CONFLANS-SAINTE-HONORINE, Yvelines (AP) — Laurent Fabius a proposé mercredi l’instauration d’un principe "délocalisateur-payeur" pour pénaliser les entreprises qui partent s’installer à l’étranger. "Il y avait un principe pollueur-payeur. Il faut introduire un principe délocalisateur-payeur", a déclaré le candidat à la candidature socialiste lors d’un déplacement à Conflans-Sainte-Honorine (Yvelines).
Fidèle à sa ligne "clairement à gauche", Laurent Fabius a préconisé la mise en place d’un "dispositif d’alerte" qui permettrait "en cas de délocalisation visible ou invisible de saisir un médiateur qui étudierait avec la direction de l’entreprise, les syndicats, des solutions alternatives".
L’ancien Premier ministre a suggéré par ailleurs que la loi prévoie un maintien de taxe professionnelle des entreprises qui délocalisent "pendant deux ou trois ans" pour aider les collectivités locales. Il a aussi proposé que la charge du reclassement des salariés victimes des délocalisations incombe aux entreprises par le biais de la Sécurité sociale professionnelle qui figure dans le projet du PS.

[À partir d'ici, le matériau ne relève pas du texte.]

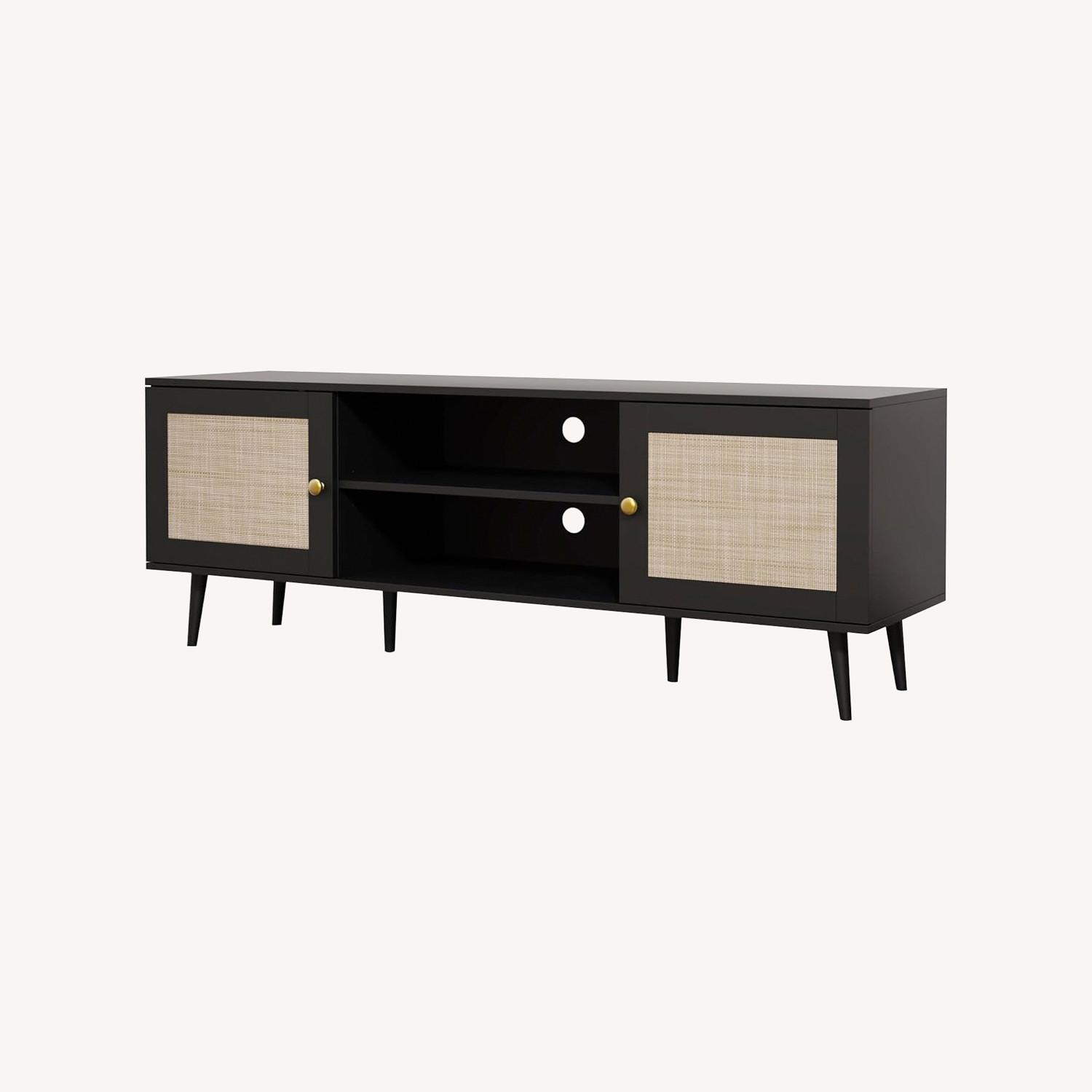 【Elegant Rattan Design】- This low-profile TV stand combines natural wood tones and woven rattan doors to bring warm, organic texture to your living room or sitting area. The farmhouse-inspired design blends seamlessly with boho, coastal, or modern rustic decor, adding a touch of relaxed elegance to your space.

Laurent Fabius a proposé la mise en place au niveau européen d’une "fourchette" pour limiter les écarts d’impôt sur les sociétés entre les différents pays, ainsi qu’une "réforme politique de change de l’euro". "L’euro est trop cher, ce qui a des conséquences très importantes sur le mouvement de délocalisation", a déploré l’ancien ministre de l’Economie, en citant l’exemple d’Airbus.
Lors de ce point presse à la mairie de Conflans, où il était venu pour tenir une réunion sur le thème de la sécurité, M. Fabius a refusé de commenter les propositions de Ségolène Royal sur l’Europe, faites en début d’après-midi lors d’une conférence de presse. "Je n’ai pas étudié ce texte", a-t-il répondu lorsqu’il a été interrogé sur les déclarations de la favorite des sondages sur l’entrée de la Turquie dans l’Union européenne. Ségolène Royal a déclaré que son opinion sur ce sujet "est celle des Français".
L’ancien Premier ministre n’en a pas moins adressé quelques piques à sa rivale, en ironisant notamment sur ses exigences pour les débats télévisés qui opposeront à partir de mardi prochain les trois candidats socialistes. "Il ne faut pas que ce soit la télé avant l’ORTF", a-t-il raillé.
Le député de Seine-Maritime a aussi critiqué les propositions de sa rivale sur la lutte contre l’insécurité, accusant Mme Royal de "courir" derrière Nicolas Sarkozy. "Nous ne devons pas courir après de fausses solutions qui ont montré leur inefficacité", a-t-il dit.
"Candidat du projet socialiste", Laurent Fabius a insisté sur la nécessité de concilier "prévention, action et sanction". Il a proposé la création d’un conseil national de sécurité intérieure présidé par le Premier ministre, et décliné au niveau local par des "conseils départementaux de sécurité".